RECORDS TO USE:

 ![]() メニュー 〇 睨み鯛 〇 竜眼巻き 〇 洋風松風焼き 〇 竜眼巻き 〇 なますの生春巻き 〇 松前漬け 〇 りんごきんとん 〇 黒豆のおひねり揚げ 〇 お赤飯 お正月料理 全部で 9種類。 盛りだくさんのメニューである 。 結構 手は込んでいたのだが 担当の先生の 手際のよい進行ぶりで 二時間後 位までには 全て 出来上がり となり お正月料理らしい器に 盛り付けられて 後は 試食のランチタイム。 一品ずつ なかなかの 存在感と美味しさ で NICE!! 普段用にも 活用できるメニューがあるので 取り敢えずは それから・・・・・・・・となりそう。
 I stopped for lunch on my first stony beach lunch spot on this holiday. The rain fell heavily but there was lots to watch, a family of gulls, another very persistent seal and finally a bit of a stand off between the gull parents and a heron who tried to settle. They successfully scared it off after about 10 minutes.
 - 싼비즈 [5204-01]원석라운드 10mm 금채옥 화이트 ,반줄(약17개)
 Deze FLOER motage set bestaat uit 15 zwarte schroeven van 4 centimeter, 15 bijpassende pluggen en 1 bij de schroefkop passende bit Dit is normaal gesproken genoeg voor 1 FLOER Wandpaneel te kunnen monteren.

==

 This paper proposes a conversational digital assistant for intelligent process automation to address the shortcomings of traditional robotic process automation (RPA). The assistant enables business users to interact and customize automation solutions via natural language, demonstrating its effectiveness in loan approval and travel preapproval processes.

...

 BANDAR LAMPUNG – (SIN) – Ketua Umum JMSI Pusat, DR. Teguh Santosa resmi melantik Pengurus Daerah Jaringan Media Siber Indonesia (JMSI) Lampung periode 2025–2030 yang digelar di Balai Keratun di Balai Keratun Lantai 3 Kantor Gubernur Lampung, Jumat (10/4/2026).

TASK OBJECTIVE: Which lines above run from the one containing "I stopped for" to the one containing "Deze FLOER motage"? Give them again exactly, both ends included.

SOLVED EXERCISE:
 I stopped for lunch on my first stony beach lunch spot on this holiday. The rain fell heavily but there was lots to watch, a family of gulls, another very persistent seal and finally a bit of a stand off between the gull parents and a heron who tried to settle. They successfully scared it off after about 10 minutes.
 - 싼비즈 [5204-01]원석라운드 10mm 금채옥 화이트 ,반줄(약17개)
 Deze FLOER motage set bestaat uit 15 zwarte schroeven van 4 centimeter, 15 bijpassende pluggen en 1 bij de schroefkop passende bit Dit is normaal gesproken genoeg voor 1 FLOER Wandpaneel te kunnen monteren.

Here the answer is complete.